Installation and training an agent

Install requirements with pip install -r requirements.txt.

Run code with ./train_baseline.sh. This should start printing out text about initializing the workers, and eventually learning statistics. Training lasts for two billion steps.

Note: by default this will continue the training with the files already contained in this repository. Change the experiment name in train_baseline.sh or alternatively remove train_dir directory to train a new model.

You can try to speed up training by changing the num_workers and num_envs_per_worker parameters inside train_baseline.sh.

Submitting to AICrowd

This repository contains necessary files to make a submission, including a pretrained model. Simply follow the official instructions on doing a submission, and you should be good to go! Remember to update the aicrowd.json!

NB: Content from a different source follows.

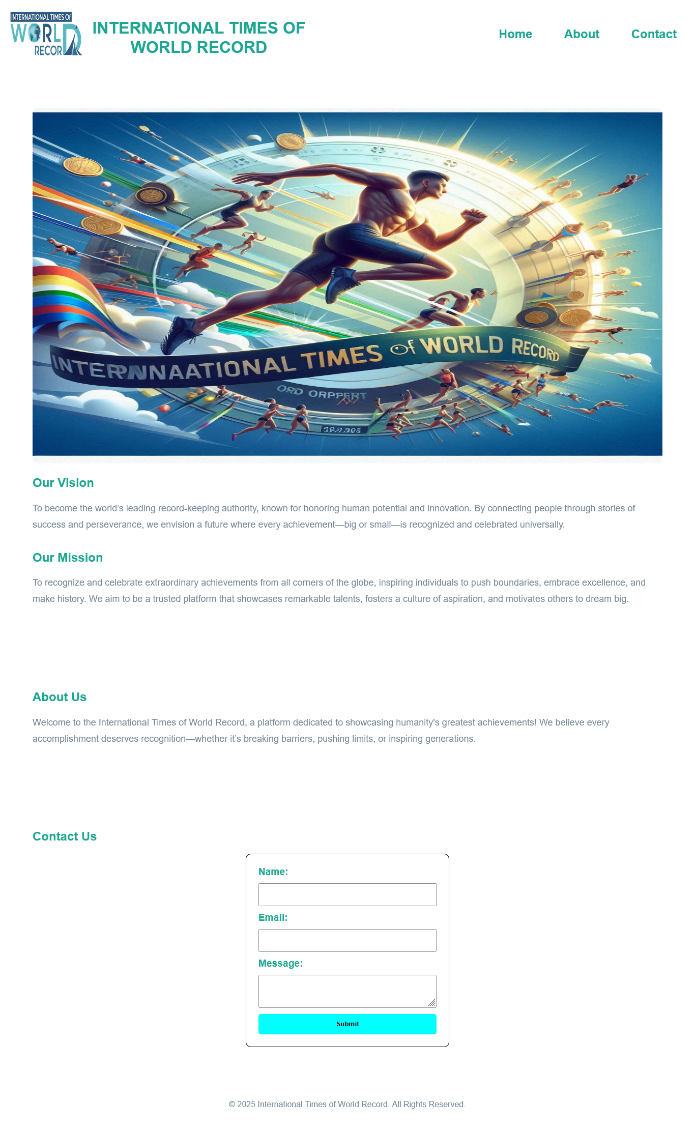 International Times of World Records is the world's largest online platform for recording and verifying human endeavors. We showcase incredible achievements from all over the world, inspiring others to strive for excellence.

Checklist of things for changing your trained models for submission:

  • Update train_dir to only contain the experiment you want to submit (and preferably only one checkpoint file. cfg.json is a necessary file!)
  • Make sure the experiment name in run.sh matches one in train_baseline.sh.

Contents

  • main.py: entry point for training.
  • evaluate.py: entry point for (AICrowd) evaluation.
  • env.py: core environment wrappers and creation of environment in sample-factory
  • obs_wrappers.py: code for drawing RGB images of the NLE and processing blstats info.
  • models.py: torch model for encoding observations before the RNN core.
  • train_baseline.sh: run training with the default settings.
  • run.sh, apt.txt, aicrowd.json, Dockerfile, requirements.txt: files necessary for the AICrowd submission.

Wandb integration

By default the sample-factory stores logs as tensorboard files, but to ease up tracking, this code comes with Weights & Biases integration.

Simply define WANDB_API_KEY variable in the environment and install wandb (pip install wandb), and you should start seeing logs on the wandb page once you launch the code.

wandb image